#### [Brief]
All lines from the one containing "Blu chiaro, colletto" through the final line of the records below should be reproduced exactly, with the pictures left out.

[[ Provided records open ]]

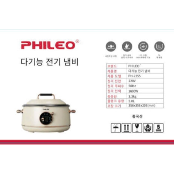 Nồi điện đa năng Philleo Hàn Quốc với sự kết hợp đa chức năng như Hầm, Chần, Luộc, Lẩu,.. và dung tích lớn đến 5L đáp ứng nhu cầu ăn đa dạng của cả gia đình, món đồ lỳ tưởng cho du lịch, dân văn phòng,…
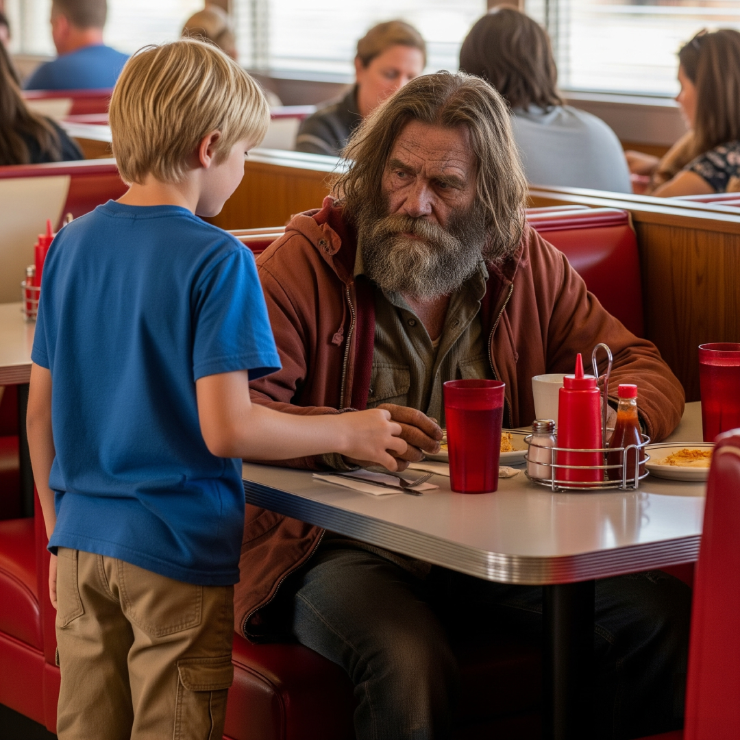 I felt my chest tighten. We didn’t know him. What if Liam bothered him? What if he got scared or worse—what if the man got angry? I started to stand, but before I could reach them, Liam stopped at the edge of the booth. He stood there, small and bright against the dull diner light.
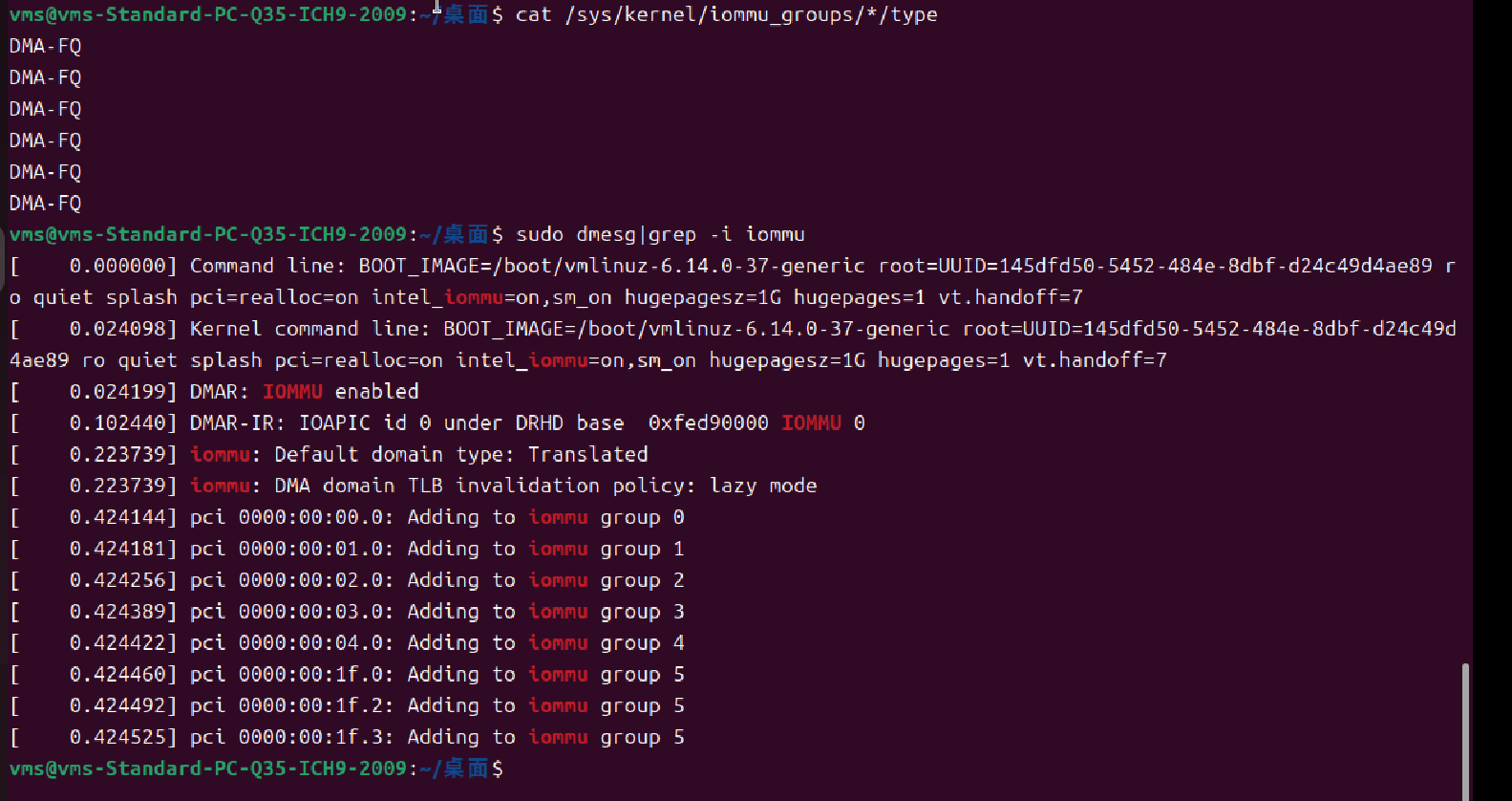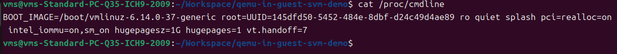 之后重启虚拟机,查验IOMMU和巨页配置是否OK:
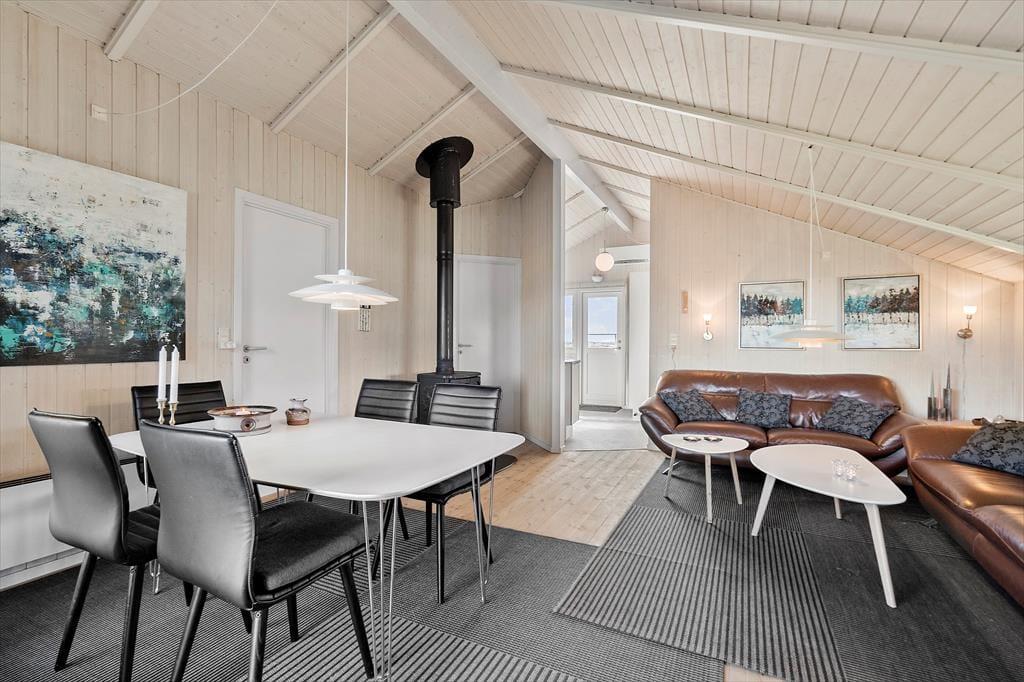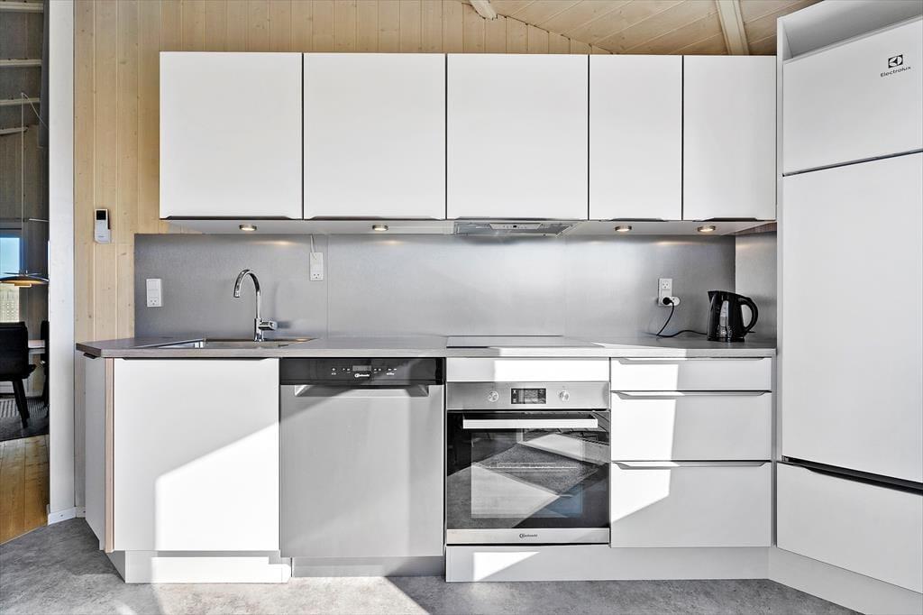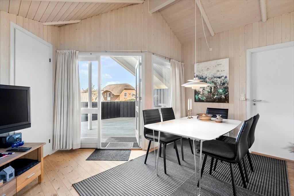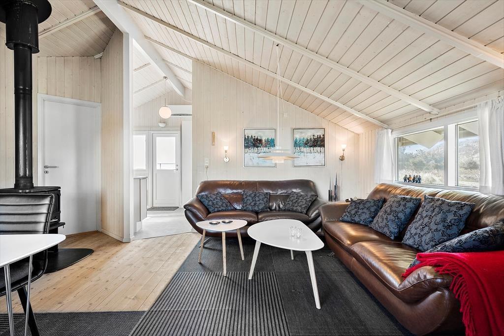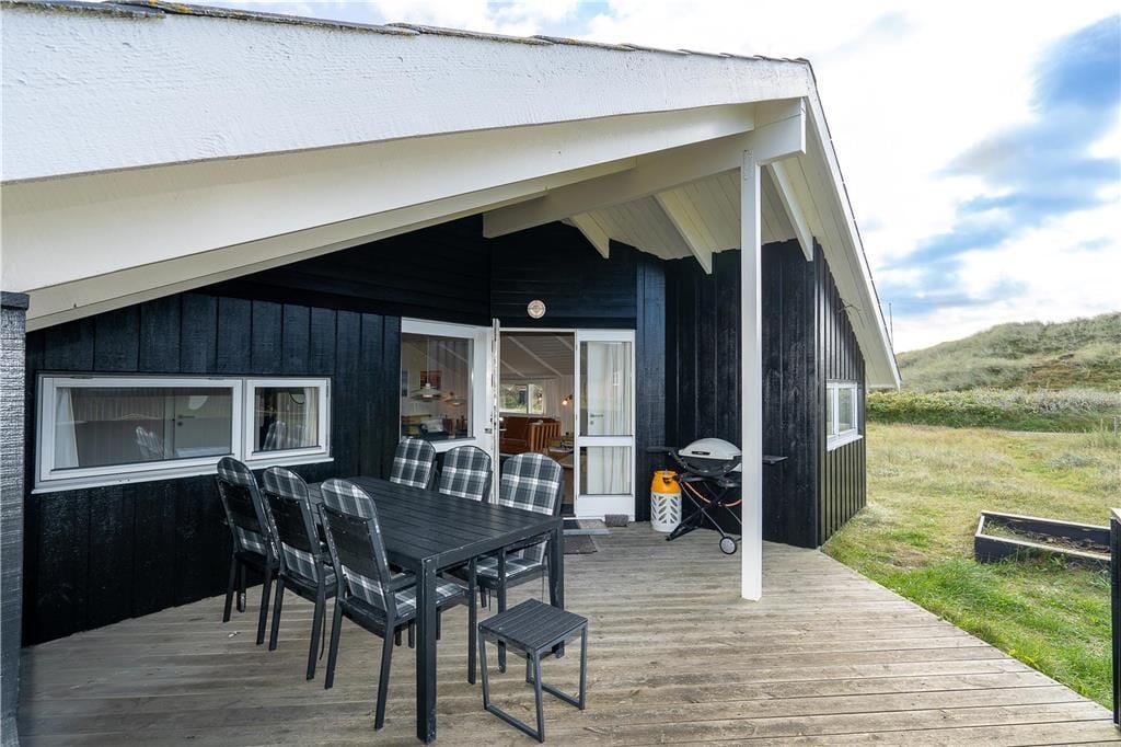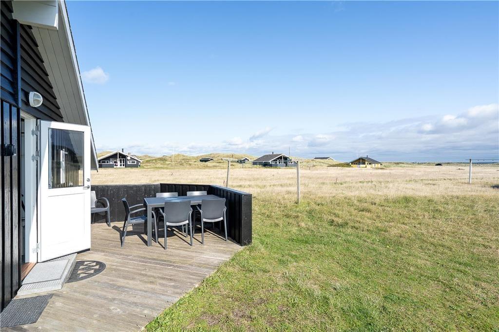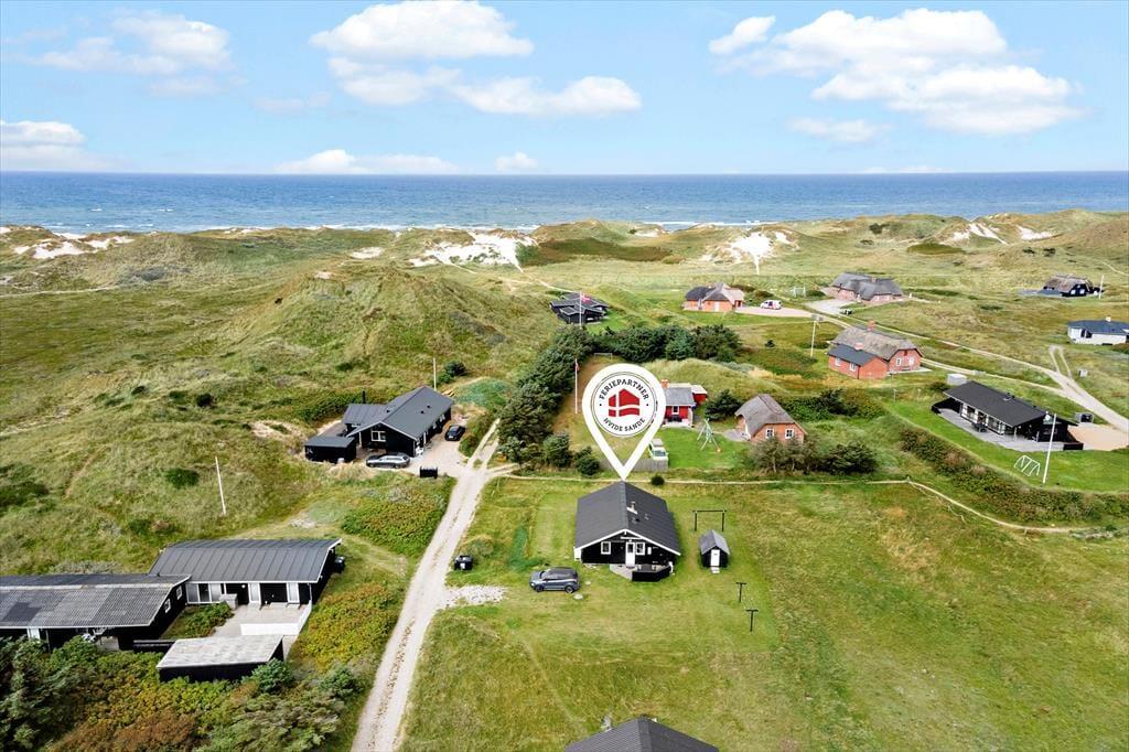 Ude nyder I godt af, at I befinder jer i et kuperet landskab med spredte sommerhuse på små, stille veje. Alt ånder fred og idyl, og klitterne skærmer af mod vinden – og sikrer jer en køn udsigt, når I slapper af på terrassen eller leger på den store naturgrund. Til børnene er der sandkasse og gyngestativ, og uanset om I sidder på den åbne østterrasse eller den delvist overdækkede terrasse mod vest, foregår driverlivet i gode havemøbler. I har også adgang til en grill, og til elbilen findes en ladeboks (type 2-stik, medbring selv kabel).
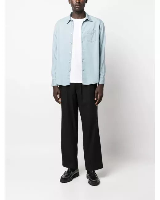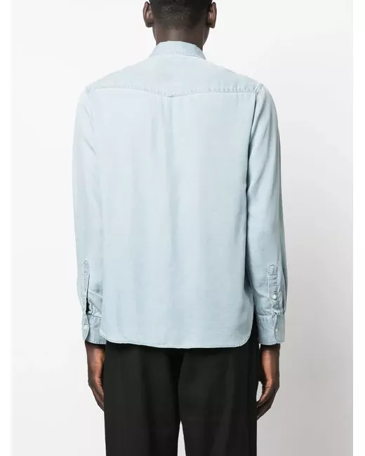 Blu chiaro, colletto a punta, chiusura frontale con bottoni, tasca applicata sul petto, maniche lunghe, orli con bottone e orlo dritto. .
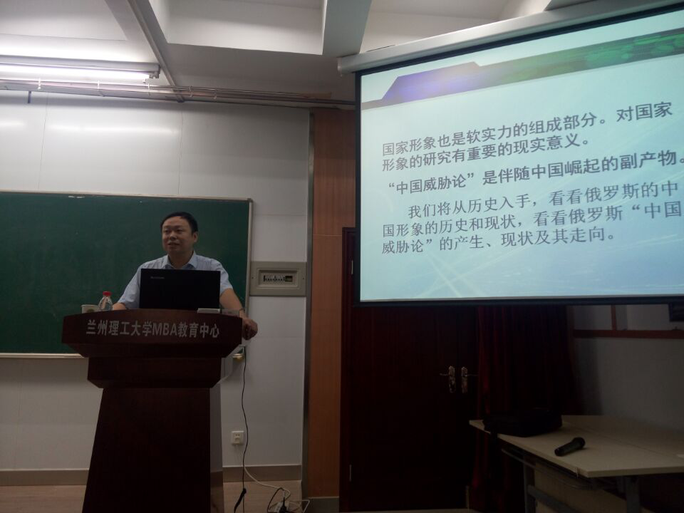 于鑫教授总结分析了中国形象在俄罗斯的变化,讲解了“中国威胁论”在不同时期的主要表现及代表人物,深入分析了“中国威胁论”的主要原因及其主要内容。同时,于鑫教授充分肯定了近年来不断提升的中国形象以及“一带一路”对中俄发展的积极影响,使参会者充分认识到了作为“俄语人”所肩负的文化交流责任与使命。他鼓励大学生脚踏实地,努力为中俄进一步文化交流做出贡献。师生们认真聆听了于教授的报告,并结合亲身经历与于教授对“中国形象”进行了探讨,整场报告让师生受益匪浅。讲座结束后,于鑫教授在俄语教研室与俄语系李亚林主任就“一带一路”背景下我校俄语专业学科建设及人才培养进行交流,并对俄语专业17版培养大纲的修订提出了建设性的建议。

[[ Provided records closed ]]

#### [Result of this exercise]
 Blu chiaro, colletto a punta, chiusura frontale con bottoni, tasca applicata sul petto, maniche lunghe, orli con bottone e orlo dritto. .
 于鑫教授总结分析了中国形象在俄罗斯的变化,讲解了“中国威胁论”在不同时期的主要表现及代表人物,深入分析了“中国威胁论”的主要原因及其主要内容。同时,于鑫教授充分肯定了近年来不断提升的中国形象以及“一带一路”对中俄发展的积极影响,使参会者充分认识到了作为“俄语人”所肩负的文化交流责任与使命。他鼓励大学生脚踏实地,努力为中俄进一步文化交流做出贡献。师生们认真聆听了于教授的报告,并结合亲身经历与于教授对“中国形象”进行了探讨,整场报告让师生受益匪浅。讲座结束后,于鑫教授在俄语教研室与俄语系李亚林主任就“一带一路”背景下我校俄语专业学科建设及人才培养进行交流,并对俄语专业17版培养大纲的修订提出了建设性的建议。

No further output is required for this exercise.